» Your instructions
All of the data, word for word and free of pictures, is the expected result.

» The input
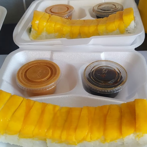 Pd cangrejo empanizado, envuelto en mango, durazno; pf bañado en salsa de anguila, y decorado en ajonjolí todos los rollos incluyen philadelphia, aguacate y pepino por dentro todos los rollos incluyen philadelphia, aguacate y pepino por dentro.
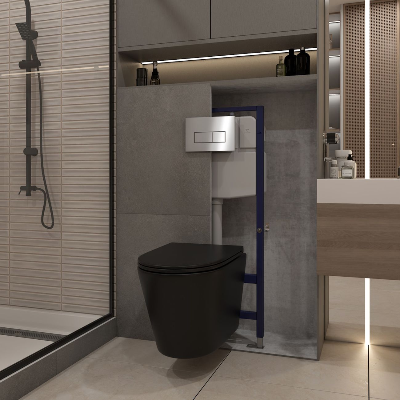 Комплект «Готовое решение» для установки инсталляции с подвесным унитазом: -- инсталляция TEYMI AINA 55 T70035 – монтажная рама из цельного стального профиля прямоугольного сечения, позволяющая выдерживать нагрузки до 400 кг. Габаритная ширина рамы 470 мм; -- клавиша смыва TEYMI HELMI T70204, корпус нержавеюшая сталь, цвет НЕРЖАВЕЮЩАЯ СТАЛЬ МАТОВЫЙ;; -- унитаз подвесной безободковый TEYMI SOLLI ЧЕРНЫЙ T40201MB; -- сиденье с микролифтом; -- полный комплект арматуры для монтажа: уплотнительные кольца, манжеты, труба смыва, фановый отвод с удлинителем, защитный кожух ревизионного окна с крепежной рамкой, закрывающей панелью и крышкой; -- полный комплект крепежа для установки: крепеж к стене, шпильки для унитаза, крепежная рамка, соединительные шпильки, толкатели, фиксаторы; -- инструкция по установке и обслуживанию. Преимущества комплекта: -- полная (максимальная) комплектация для установки - больше ничего докупать не придётся; -- все составляющие комплекта идеально подходят друг к другу; -- рама покрыта суперпрочной порошковой краской синего цвета с антикоррозионными свойствами; -- высота монтажной рамы может регулироваться с помощью ножек из оцинкованной стали; -- универсальный монтаж – межосевое расстояние под шпильки для подвесного унитаза 180 и 230 мм – подходит ко всем подвесным унитазам; -- сливной бачок скрытого монтажа, изготовленный из полиэтилена низкого давления, рассчитан на 200 тысяч циклов смыва, а цельнолитая бесшовная конструкция позволит работать без протечек в течение всего периода эксплуатации; -- 2-режимный слив 3 / 6 л с возможностью регулировки; -- лёгкость обслуживания бачка благодаря ревизионному окну, скрытому за клавишей смыва; -- гарантия 10 лет на весь комплект и 50 лет на стальную раму. Размер изделия: высота 1130 мм (регулируется) Х ширина 470 мм Х глубина 102 мм. Уважаемые покупатели, обращаем ваше внимание на то, что система инсталляции TEYMI AINA 55 может быть также укомплектована другими клавишами смыва или подвесными унитазами от бренда TEYMI (вы можете найти их на этом сайте по указанным артикулам). Предлагаем вам рассмотреть варианты сочетания со следующими клавишами: : HELMI хром T70202CH : HELMI черная T70203BM : HELMI белая T70018WM : HELMI нержавеющая сталь T70204 : HELMI черный матовый T70205 : HELMI белый глянцевый T70206 : LINA хром T70102CH : LINA черная T70103BM : LINA белая T70019WM : LINA нержавеющая сталь T70104 : LINA черный матовый T70105 : LINA белый матовый T70106 : AINA хром T70012CH : AINA черная T70013BM : AINA белая T70020WM : AINA нержавеющая сталь T70014 : KATI хром T70701CH : KATI черная T70702BM : KATI белая T70021WM : ELLIE хром T70022CH : ELLIE черная T70023BM : ELLIE белая T70024WM Также просим обратить взгляд на наши лучшие безободковые подвесные унитазы: : SOLLI T40201 : LINA S T40102 : HELMI S T40302 : HELMI VORTEX T40303 : IVA T40601 : ELLIE T40802 : LINA MEDIA T40105 : KATI T40701 : HANNA PRO T40901 : HELMI S BLACK T40302MB : VITRA PRO T40806 : VITRA T40804 : DEMI T40208 : LINA VORTEX T40110 : RITTA T40809 : LINA PRO T40106 : LINA S BLACK T40111
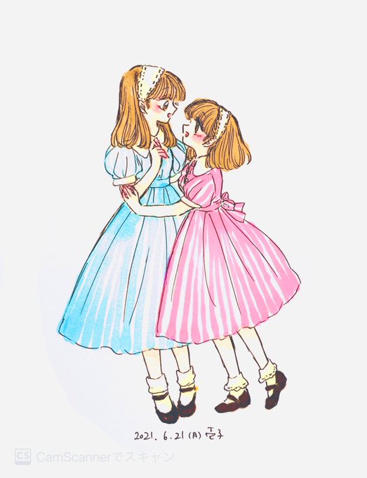 水色とピンク 夏ワンピ
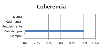 La figura 6 indica que la coherencia fue un factor primordial. El 100% de los estudiantes demostraron emitir ideas de forma entendible, lo cual permitió al otro participante responder fácilmente lo dicho por su compañero en el idioma inglés. Este resultado supone una realidad positiva, puesto que tanto docentes como estudiantes sintieron armonía en las interacciones de los juegos de roles representados. En concordancia, cabe citar a Dosso (2009) que define el role play como “una actividad en la que los ¨jugadores¨, en un proceso de simulación, representan a actores de la realidad, constituyendo un conjunto de individuos que operan por empatía con la ¨otredad¨, es decir, se ponen en la situación del ¨otro¨.” (p. 15)
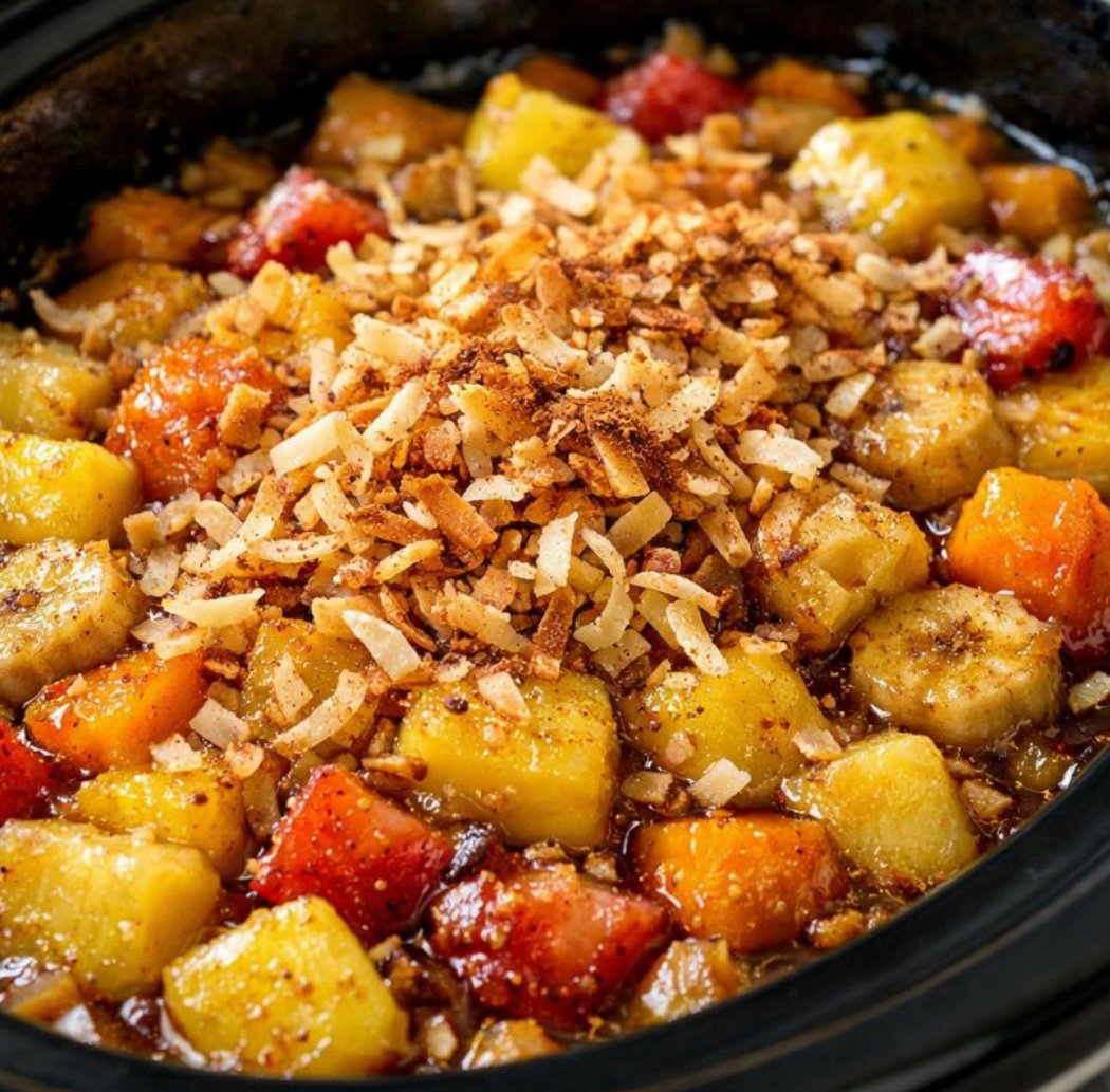 4-Ingredient Slow Cooker Tropical Fruit Bake: Sweet, Spiced, and Effortless
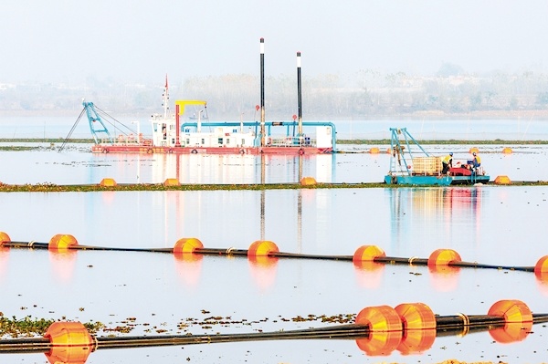 张家大湖生态修复工程施工现场。(通讯员 张俊 摄)
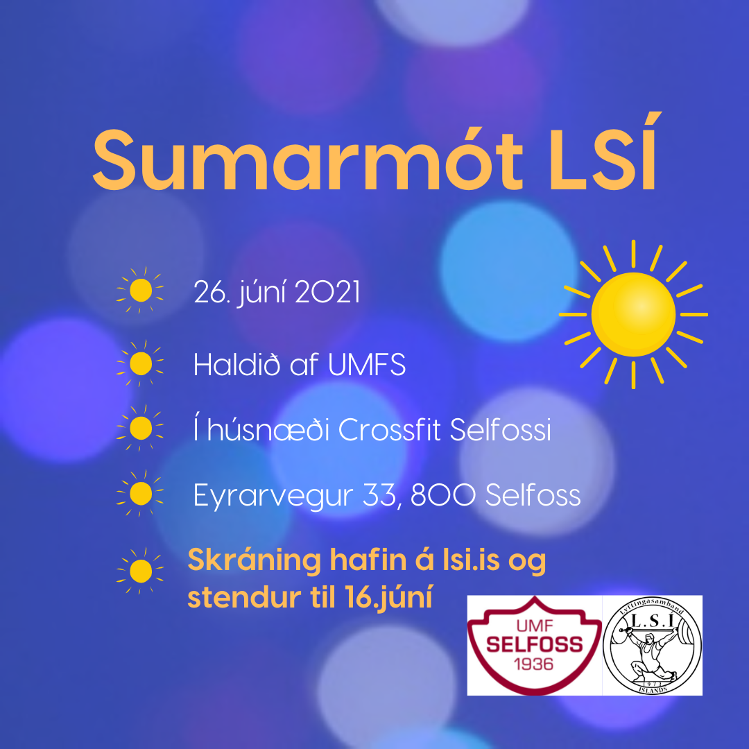 Sumarmót LSÍ verður haldið að þessu sinni af UMFSelfoss í húsnæði Crossfit Selfoss þann 26. júní næstkomandi. Frekari upplýsingar um mótið munu birtast á heimasíðu LSÍ eftir skráningu en henni lýkur 16. júní.
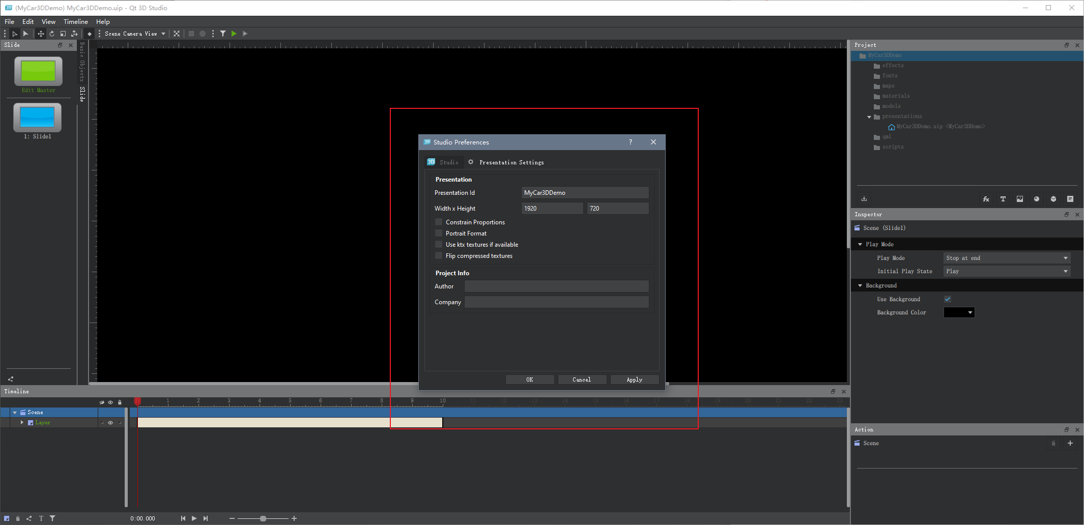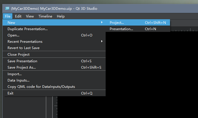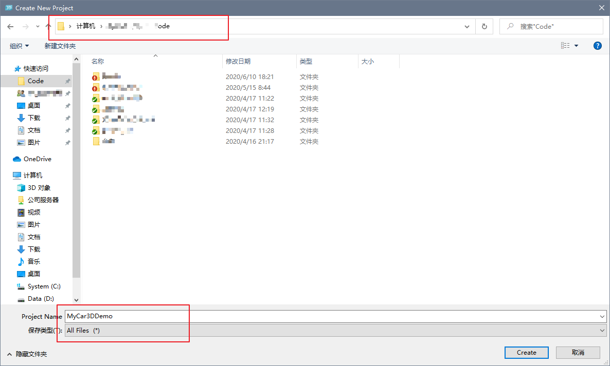 第一步,新建一个工程MyCar3DDemo,借助Qt 3D Studio 和电脑爸爸申请一个空间,来存放我们的资源。
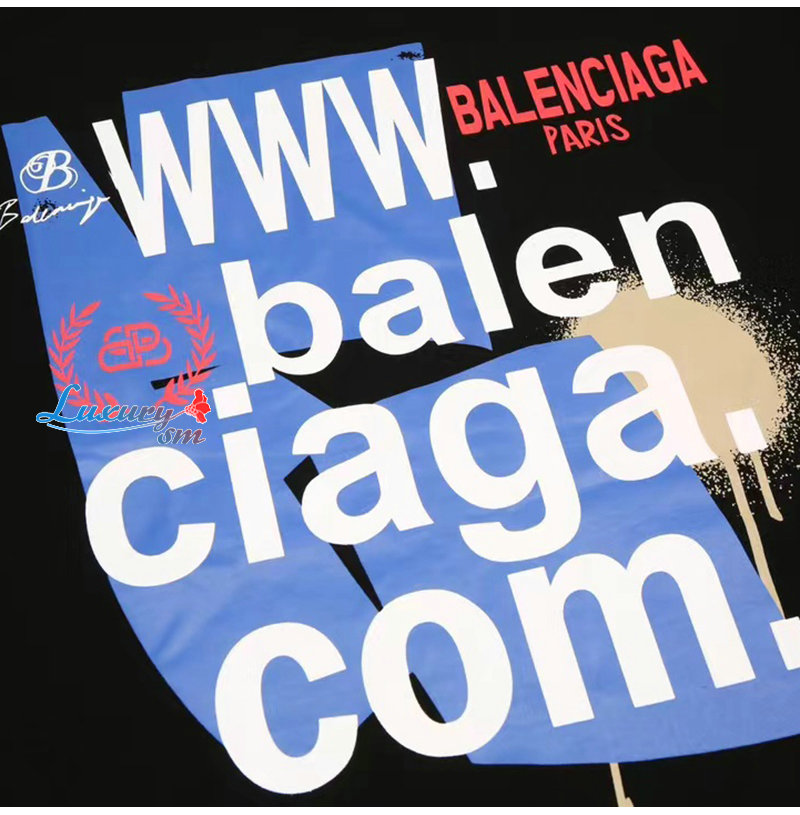 BALENCIAGA-06053 발렌시아가 블랙 프린트 장식 티셔츠 남여공용
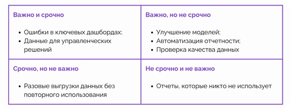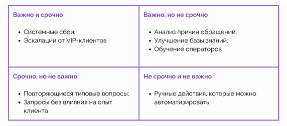 - Добавляйте к срочным задачам бизнес-метрики: конверсия, SLA, выручка, удержание, NPS. Это помогает отделить действительно важные задачи от тех, которые требуют быстрой реакции;
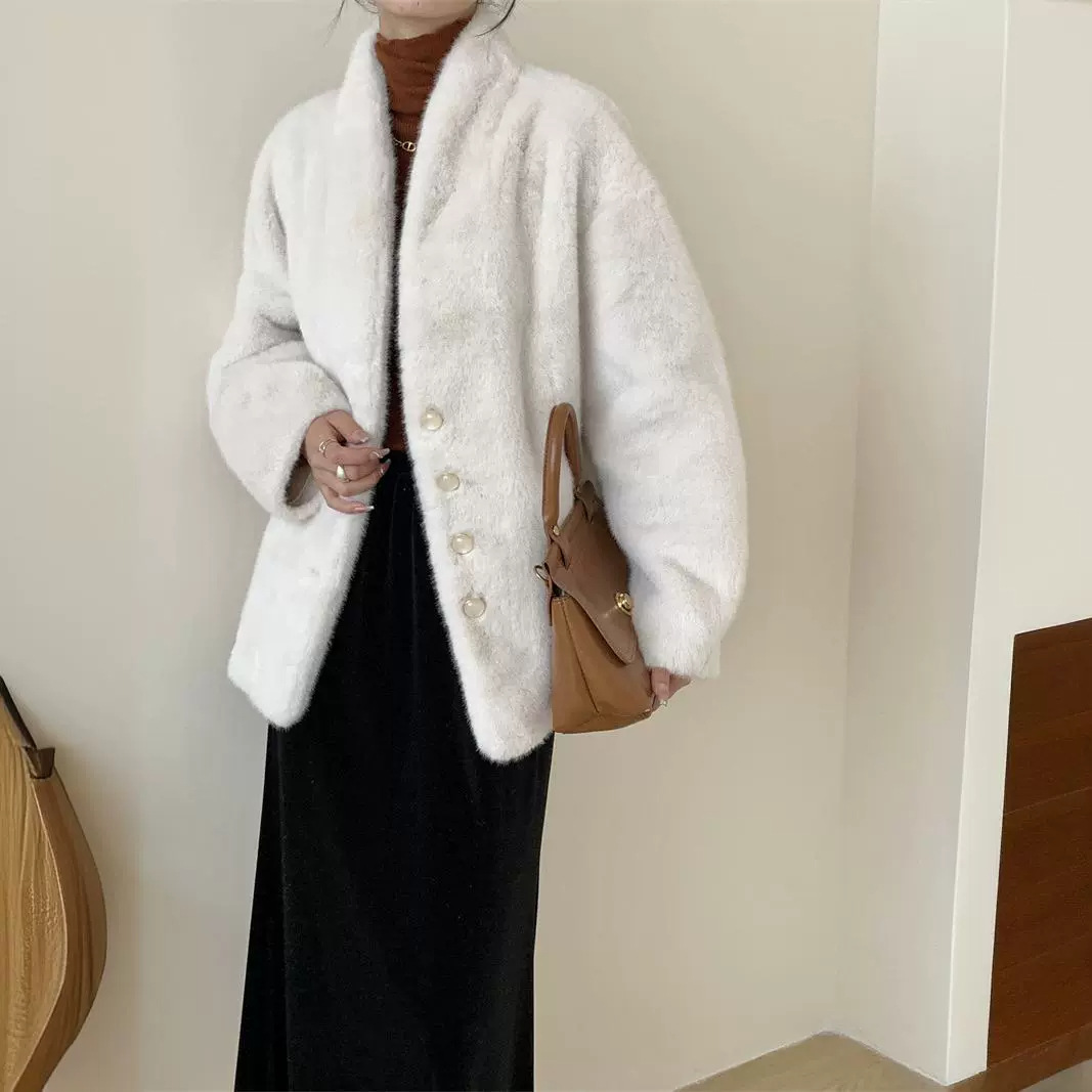 | nameOriginal | Eco-friendly Mink Solid Color Stand V-neck Single-breasted Shoulder Sleeve Faux Fur Imitation Mink Coat Ferret Coat Warm Winter |

» Reply
 Pd cangrejo empanizado, envuelto en mango, durazno; pf bañado en salsa de anguila, y decorado en ajonjolí todos los rollos incluyen philadelphia, aguacate y pepino por dentro todos los rollos incluyen philadelphia, aguacate y pepino por dentro.
 Комплект «Готовое решение» для установки инсталляции с подвесным унитазом: -- инсталляция TEYMI AINA 55 T70035 – монтажная рама из цельного стального профиля прямоугольного сечения, позволяющая выдерживать нагрузки до 400 кг. Габаритная ширина рамы 470 мм; -- клавиша смыва TEYMI HELMI T70204, корпус нержавеюшая сталь, цвет НЕРЖАВЕЮЩАЯ СТАЛЬ МАТОВЫЙ;; -- унитаз подвесной безободковый TEYMI SOLLI ЧЕРНЫЙ T40201MB; -- сиденье с микролифтом; -- полный комплект арматуры для монтажа: уплотнительные кольца, манжеты, труба смыва, фановый отвод с удлинителем, защитный кожух ревизионного окна с крепежной рамкой, закрывающей панелью и крышкой; -- полный комплект крепежа для установки: крепеж к стене, шпильки для унитаза, крепежная рамка, соединительные шпильки, толкатели, фиксаторы; -- инструкция по установке и обслуживанию. Преимущества комплекта: -- полная (максимальная) комплектация для установки - больше ничего докупать не придётся; -- все составляющие комплекта идеально подходят друг к другу; -- рама покрыта суперпрочной порошковой краской синего цвета с антикоррозионными свойствами; -- высота монтажной рамы может регулироваться с помощью ножек из оцинкованной стали; -- универсальный монтаж – межосевое расстояние под шпильки для подвесного унитаза 180 и 230 мм – подходит ко всем подвесным унитазам; -- сливной бачок скрытого монтажа, изготовленный из полиэтилена низкого давления, рассчитан на 200 тысяч циклов смыва, а цельнолитая бесшовная конструкция позволит работать без протечек в течение всего периода эксплуатации; -- 2-режимный слив 3 / 6 л с возможностью регулировки; -- лёгкость обслуживания бачка благодаря ревизионному окну, скрытому за клавишей смыва; -- гарантия 10 лет на весь комплект и 50 лет на стальную раму. Размер изделия: высота 1130 мм (регулируется) Х ширина 470 мм Х глубина 102 мм. Уважаемые покупатели, обращаем ваше внимание на то, что система инсталляции TEYMI AINA 55 может быть также укомплектована другими клавишами смыва или подвесными унитазами от бренда TEYMI (вы можете найти их на этом сайте по указанным артикулам). Предлагаем вам рассмотреть варианты сочетания со следующими клавишами: : HELMI хром T70202CH : HELMI черная T70203BM : HELMI белая T70018WM : HELMI нержавеющая сталь T70204 : HELMI черный матовый T70205 : HELMI белый глянцевый T70206 : LINA хром T70102CH : LINA черная T70103BM : LINA белая T70019WM : LINA нержавеющая сталь T70104 : LINA черный матовый T70105 : LINA белый матовый T70106 : AINA хром T70012CH : AINA черная T70013BM : AINA белая T70020WM : AINA нержавеющая сталь T70014 : KATI хром T70701CH : KATI черная T70702BM : KATI белая T70021WM : ELLIE хром T70022CH : ELLIE черная T70023BM : ELLIE белая T70024WM Также просим обратить взгляд на наши лучшие безободковые подвесные унитазы: : SOLLI T40201 : LINA S T40102 : HELMI S T40302 : HELMI VORTEX T40303 : IVA T40601 : ELLIE T40802 : LINA MEDIA T40105 : KATI T40701 : HANNA PRO T40901 : HELMI S BLACK T40302MB : VITRA PRO T40806 : VITRA T40804 : DEMI T40208 : LINA VORTEX T40110 : RITTA T40809 : LINA PRO T40106 : LINA S BLACK T40111
 水色とピンク 夏ワンピ
 La figura 6 indica que la coherencia fue un factor primordial. El 100% de los estudiantes demostraron emitir ideas de forma entendible, lo cual permitió al otro participante responder fácilmente lo dicho por su compañero en el idioma inglés. Este resultado supone una realidad positiva, puesto que tanto docentes como estudiantes sintieron armonía en las interacciones de los juegos de roles representados. En concordancia, cabe citar a Dosso (2009) que define el role play como “una actividad en la que los ¨jugadores¨, en un proceso de simulación, representan a actores de la realidad, constituyendo un conjunto de individuos que operan por empatía con la ¨otredad¨, es decir, se ponen en la situación del ¨otro¨.” (p. 15)
 4-Ingredient Slow Cooker Tropical Fruit Bake: Sweet, Spiced, and Effortless
 张家大湖生态修复工程施工现场。(通讯员 张俊 摄)
 Sumarmót LSÍ verður haldið að þessu sinni af UMFSelfoss í húsnæði Crossfit Selfoss þann 26. júní næstkomandi. Frekari upplýsingar um mótið munu birtast á heimasíðu LSÍ eftir skráningu en henni lýkur 16. júní.
 第一步,新建一个工程MyCar3DDemo,借助Qt 3D Studio 和电脑爸爸申请一个空间,来存放我们的资源。
 BALENCIAGA-06053 발렌시아가 블랙 프린트 장식 티셔츠 남여공용
 - Добавляйте к срочным задачам бизнес-метрики: конверсия, SLA, выручка, удержание, NPS. Это помогает отделить действительно важные задачи от тех, которые требуют быстрой реакции;
 | nameOriginal | Eco-friendly Mink Solid Color Stand V-neck Single-breasted Shoulder Sleeve Faux Fur Imitation Mink Coat Ferret Coat Warm Winter |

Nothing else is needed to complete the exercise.